E sabe o que é pior? Normalmente esta abordagem não funciona. Ela no máximo engana em um primeiro momento, mas sempre quando a coisa aperta você se vê tendo de limpar a merda de um elefante que você sequer conhece.
Sendo assim, por favor: seja mais humilde (leia inteligente): antes de cair na tentativa e erro, leia algo a respeito.
Enquanto isso… do outro lado da tela em um edifício com fachadas de vidro…
O gerente, todo orgulhoso para apresentar ao cliente o sistema desenvolvido na “Tecnologia X”, diz para o Sr. Kaneda…
“Nada pode dar errado!!!”
Neste momento inclusive aponta para Juca, o desenvolvedor e diz: “Veja aquele rapaz! Um verdadeiro gênio que dominou a ferramenta instantaneamente! Que orgulho!”
Muito bom o post!
parabéns!
Sensacional.
Valeu!
Gostei muito do texto cara, principalmente a parte:
… Este argumento com relação a linguagens de programação costuma aparecer também na forma “Linguagem de programação é tudo igual.

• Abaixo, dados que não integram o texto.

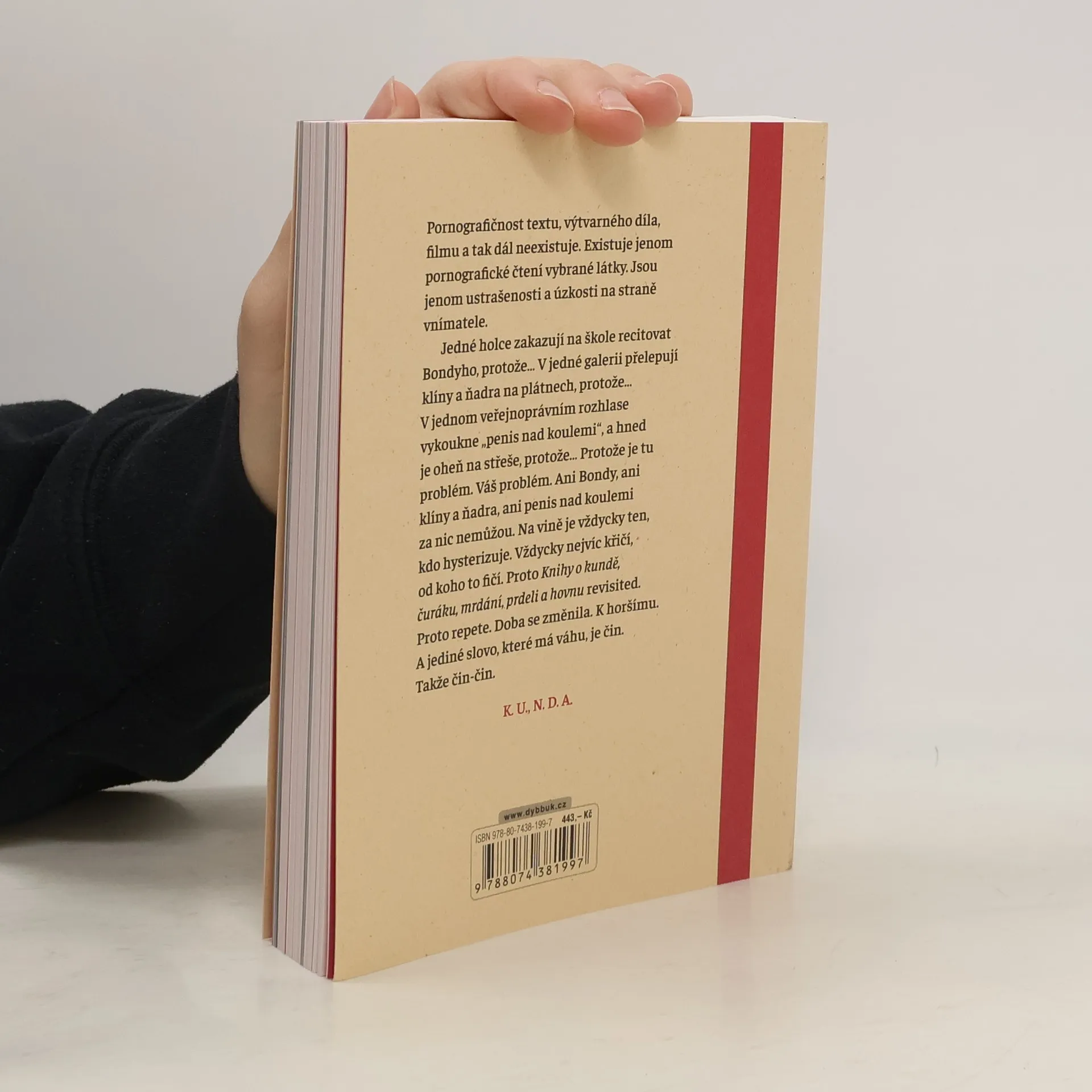 „KNIHA O“ je sbírka více než tří set erotických textů z pera spisovatelů uznávaných, zatracovaných i anonymních, bohatě ilustrovaná výtvarníky napříč staletími. Navazuje na kontroverzní Knihu o kundě a rozšiřuje ji o další texty i díla současných českých umělců. Ať už v literatuře či v umění, erotika je nevysychající pramen fantazie a života… Kunda je cesta, po které sem člověk přišel a ke které se celý život vrací. Když penis stojí, je připraven, a když je připraven, je to neslušnost. I v dnešní době existují tabu, přičemž život ze samotné své povahy přestupuje veškerá omezení… „Pornografičnost textu, výtvarného díla, filmu a tak dál neexistuje. Existuje jenom pornografické čtení vybrané látky. Jsou jenom ustrašenosti a úzkosti na straně vnímatele. Jedné holce zakazují na škole recitovat Bondyho, protože… V jedné galerii přelepují klíny a ňadra na plátnech, protože… V jednom veřejnoprávním rozhlase vykoukne „penis nad koulemi“, a hned je oheň na střeše, protože… Protože je tu problém. Váš problém. Ani Bondy, ani klíny a ňadra, ani penis nad koulemi za nic nemůžou. Na vině je vždycky ten, kdo hysterizuje. Vždycky nejvíc křičí, od koho to fičí. Proto repete. Doba se změnila. K horšímu. A jediné slovo, které má váhu, je čin. Takže čin-čin.“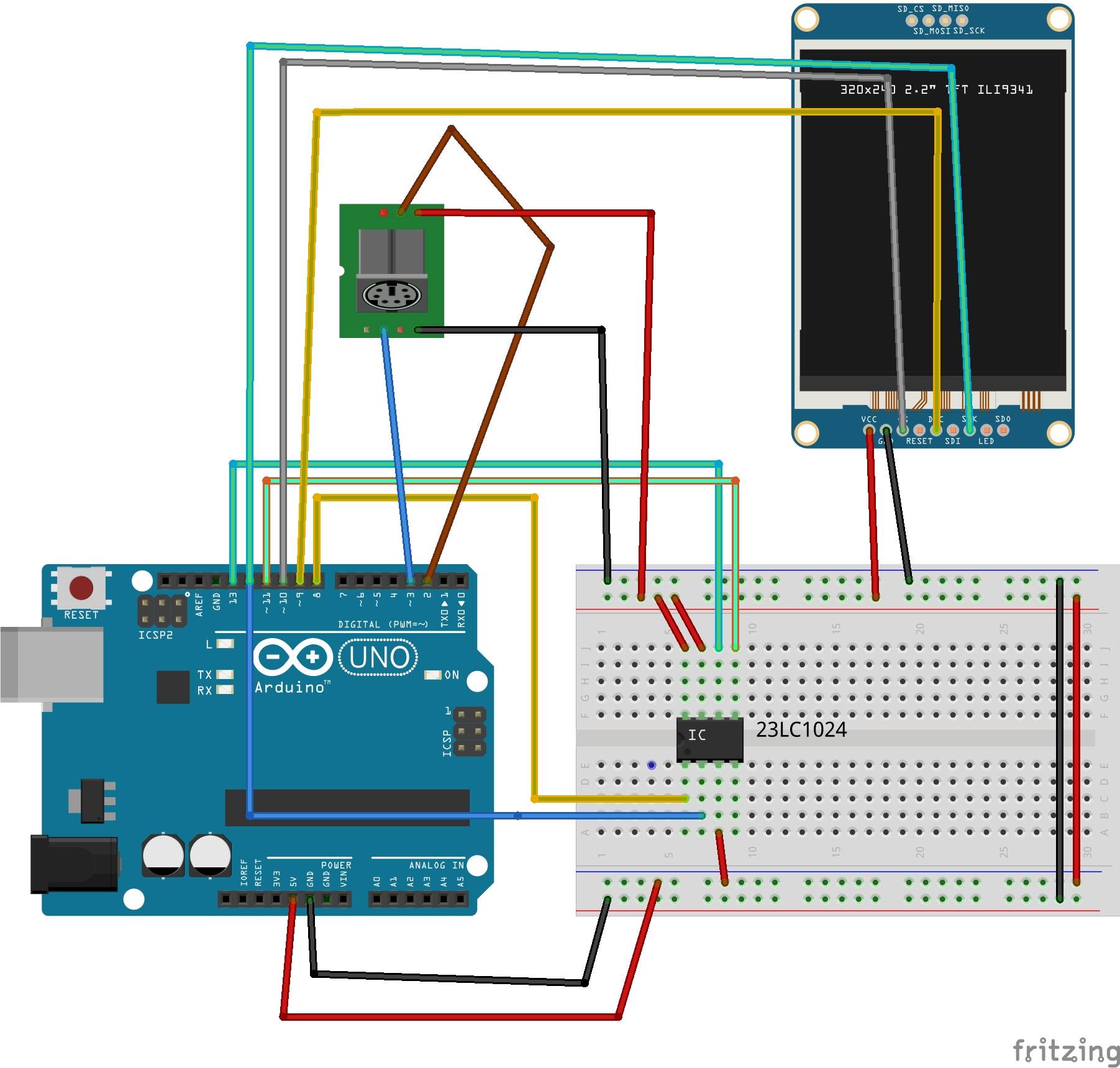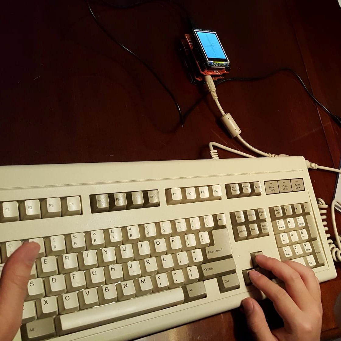 I decided that we would (my partner Andrew and I) have a color LCD screen, and we got a 320×240 job, which seemed like the minimum for a pleasant text and graphics display. The TI-84 is a disgrace for its terrible screen. (I’ve been a calculator enthusiast for a while, if you can tell) Of course, that means that when graphing, the pitiful 2k of ram inside the Arduino has no chance of storing the required data. So, we would need to increase the amount of RAM in an Arduino. I found a SPI SRAM job with 1Mb of memory. Now we had enough memory for graphics and even storage of previous data! For the keyboard I decided to go for PS/2 because it could directly interface with the Arduino, unlike USB, and it was cheap.

Tudo o que você precisa conhecer é lógica!”. Aham… …
primeira vez que vejo alguem concordar comigo nisso \o/
pra mim as pessoas q dizem este tipo de coisa n conhecem bem nenhuma linguagem, fazer um simples laço de repetição ou uma estrutura condicional realmente n muda muito mesmo, mas vai conhecer uma linguagem de verdade e você percebe que essa é a maior mentira contada aos profissionais da area.
Opa, valeu cara, fico feliz que tenha gostado. :)
Parabéns. Escrita muito boa e conteúdo realmente do cotidiano – infelizmente.
Abs!
Opa,.obrigado Fabio!
amigo, e quando o FW realmente não tem documentação? quem é o Brainiac da história?
Oi Raneves,
os únicos casos em que eu já vi em que realmente não havia documentação alguma (e mesmo assim havia alguma coisa) foram coisas desenvolvidas internamente pela empresa. Neste caso, o problema é pior ainda e vêm de cima.
Mesmo tendo vindo de cima, se você não tiver documentação alguma, você pelo menos corre atrás e, de fato não havendo nada, pelo menos informa seu superior ou cliente (por escrito) a respeito da situação antes de continuar. Se não fizer isto, a culpa é sua.
cara na minha opinião a culpa é minha apenas pelo fato de aceitar trabalhar num fw de merda desses que nem documentação tem.
:)
se eu entendi você está defendendo o FW é isso? você se arrependerá disso amargamente um dia.
reflita melhor.
Não, não estou defendendo FW algum e, pra te ser bem sincero, nem sei o que é FW.
O que estou dizendo é que se você está em uma situação na qual realmente não há documentação alguma, você deve agir como profissional e informar seu cliente ou superior a respeito pra conversar melhor sobre a situação.
E a propósito, vou me arrepender do quê?